如果你对这篇内容有疑问,欢迎到本站社区发帖提问 参与讨论,获取更多帮助,或者扫码二维码加入 Web 技术交流群。

绑定邮箱获取回复消息
由于您还没有绑定你的真实邮箱,如果其他用户或者作者回复了您的评论,将不能在第一时间通知您!
发布评论
评论(3)
出于性能原因,QueryPath 在内部维护其状态(与 jQuery 不同)。所以
branch()
是正确的选择。不过,作为对建议解决方案的修改,我建议通过这样做来最大限度地减少 find() 调用的数量:
最后,任何时候您执行“破坏性”操作(例如
find()
) ,您始终可以使用end()
返回上一步。所以上面也可以这样完成:这是一个非常非常小的性能改进,但我更喜欢
branch()
方法,除非我正在处理大于 1M 的文档。在 QueryPath 3.x 中,它具有大量新的性能增强功能,我正在考虑使用 jQuery 方式为每个函数创建一个新对象。不幸的是,这个方法会使用更多的内存,所以我可能不会保留它。虽然
branch()
需要一些时间来学习,但它确实有其优点。QueryPath maintains its state internally (unlike jQuery) for performance reasons. So
branch()
is the way to go.As a modification to the proposed solution, though, I would suggest minimizing the number of find() calls by doing this:
Finally, any time you do a "destructive" action (like a
find()
), you can always go back one step usingend()

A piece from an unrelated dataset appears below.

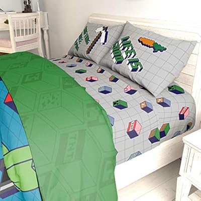 طقم سرير مزدوج من 4 قطع من Jay Franco Minecraft Survive يتضمن طقم لحاف وملاءة بوجهين بوليستر فائق النعومة مقاوم للبهتان منتج ماين كرافت الرسمي Amazon Ae

. So the above could also be done like this:This is a VERY VERY minor performance improvement, but I prefer the
branch()
method unless I'm working with documents larger than 1M.In QueryPath 3.x, which has a whole bunch of new performance enhancements, I am toying with the idea of going with the jQuery way of creating a new object for each function. Unfortunately, this method will use a LOT more memory, so I may not keep it. While
branch()
takes a little while to learn, it does have its advantages.我自己刚刚学习 QueryPath,但我认为你应该对行对象进行分支。否则,
$tr->find('.eventdate')
会将您带到该行中包含的abbr
元素,以及后面的每个find()< /code> 将尝试查找
abbr
下面的元素,导致没有匹配项。branch()
(参见文档)创建一个副本QueryPath 对象的原始对象(在本例中为$tr
)保持不变。所以你的代码是:
我不知道这是否是实现你想要的目标的首选方法,但它似乎有效。
I'm just learning QueryPath myself, but I think you should branch the row object. Otherwise the
$tr->find('.eventdate')
will take you to theabbr
element contained in the row, and each followingfind()
will try to find elements beneath theabbr
, resulting in no matches.branch()
(see documentation) creates a copy of the QueryPath object, leaving the original object (in this case$tr
) intact.So your code would be:
I don't know if this is the preferred way to achieve what you want, but it seems to work.
是的,你是对的,我今天实际上遇到了这个问题,在 jquery 中,你只需查询、查询、查询、查询没有问题,但是 QueryPath 如果你查询,它会更改对象的内部“状态”,因此如果你尝试第二次查询,它适用于当前状态。
因此,如果您想查询文档中的多个“单独”位置,则必须在
$q = qp("something.html);
之前进行分支
$a = $q->branch()->find("tr");
$b = $q->branch()->find("a");
这似乎适用于我的代码,所以我想它也适用于你的代码。
yeah you are right, I actually had this problem today, in jquery, you just query, query, query, query no problems, however QueryPath if you query, it changes the internal "state" of the object so if you attempt a second query, it's applied against the current state.
so if you want to query multiple "separate" locations in the document, you have to branch before
$q = qp("something.html);
$a = $q->branch()->find("tr");
$b = $q->branch()->find("a");
that seems to work in my code, so I suppose it will work in yours.